Johnson is running for governor as an unaffiliated candidate, which means she skipped the primary election and instead needs to qualify via signature-gathering.

PORTLAND, Ore. — Unaffiliated candidate Betsy Johnson turned in tens of thousands of signatures to the Oregon Secretary of State's office Tuesday afternoon, aiming to make her bid for Oregon governor official and appear on the November ballot alongside Democrat Tina Kotek and Republican Christine Drazan.

Major party candidates for Oregon governor compete in primary elections to secure their party's nomination for the general election, but candidates who are not affiliated with any party can also appear on the November ballot if they gather enough voter signatures.

Under Oregon law, the requisite number of signatures is equal to 1% of the number of votes cast in the most recent presidential election in the state, which in this case is 23,744.

In a Monday press release, Johnson's campaign said that she would deliver "well over" that number to the Secretary of State's office the next day.

RELATED: Top Oregon gubernatorial candidates meet for first debate

Just after noon Tuesday, Johnson briefly addressed media and campaign staff gathered on the steps of the Oregon Capitol before heading inside, followed by several staffers pushing hand trucks loaded with boxes of signature forms.

In a subsequent press release, her campaign said it had turned in 48,214 signatures, more than twice the requisite amount. The signatures must be verified by the office's elections division by Aug. 30 for Johnson to qualify.

Johnson announced her candidacy last fall and has been running a technically unofficial but nonetheless full bore campaign this year, including major fundraising, frequent public appearances and a slew of online and TV adds.
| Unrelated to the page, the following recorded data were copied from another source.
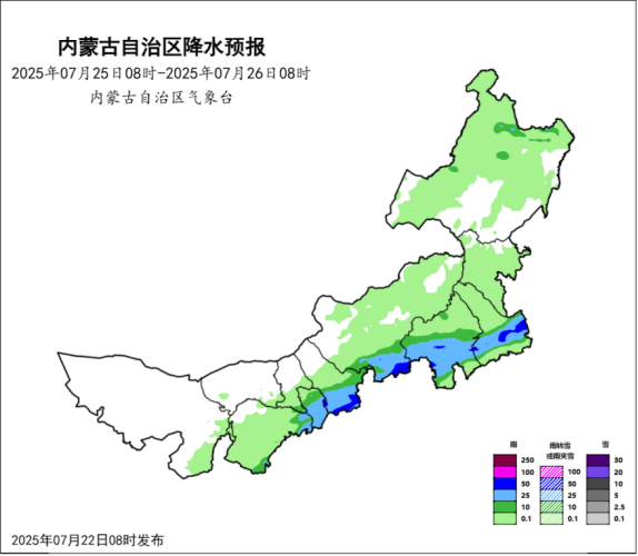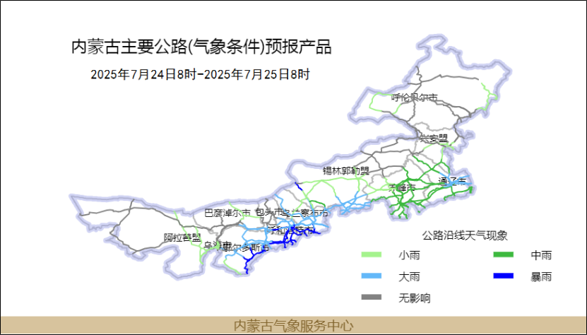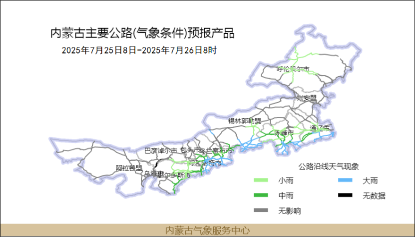 7月25日至26日,西部偏东、中东部大部多云有小雨,鄂尔多斯市东部、呼和浩特市大部、乌兰察布市南部、锡林郭勒盟南部、赤峰市西南部、呼伦贝尔市北部有中到大雨,局地有暴雨;西部偏北地区4、5级偏东风;西部偏西和偏北、中部偏西北、东北部部分地区有35度及以上的高温天气,局地有37度及以上的高温天气。
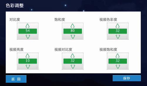 1)可設置屏幕的對比度、飽和度、視頻色彩度,通信視頻流的亮度、對比度、飽和度,參數的設置范圍為1-100,如圖3.8.8:
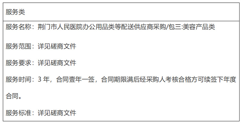 3、包名称 : 荆门市人民医院办公用品类等配送供应商采购/包三:美容产品类
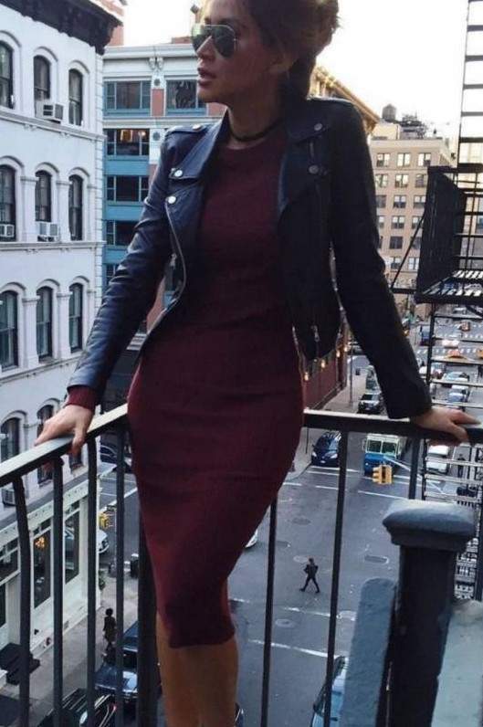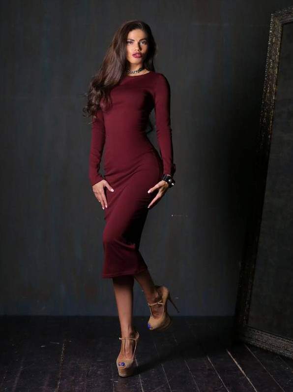 Красноватое обтягивающее платье

It was widely expected that she would be able to meet the signature threshold, and the race for governor has been consistently described as a three-way contest following Kotek's and Drazan's primary election victories even though Johnson has not yet formally qualified.

RELATED: A 'potential' candidate? What Betsy Johnson still needs to qualify for the ballot and why that matters

Johnson previously served in the Oregon State Senate as a Democrat, but chose to take the nonaffiliated route in her run for governor, seeking to position herself as a centrist alternative to what she has characterized as the "extreme" positions of the two major political parties.

Her campaign has attracted significant financial support, raising more than $7 million this year including large individual donations from big names in Oregon's business world like Nike co-founder Phil Knight and heavy equipment company The Pape Group.

Tina Kotek previously served as Oregon House Speaker and Christine Drazan served as Oregon House Minority Leader. All three candidates resigned from their legislative positions last year or earlier this year to focus on their campaigns for governor.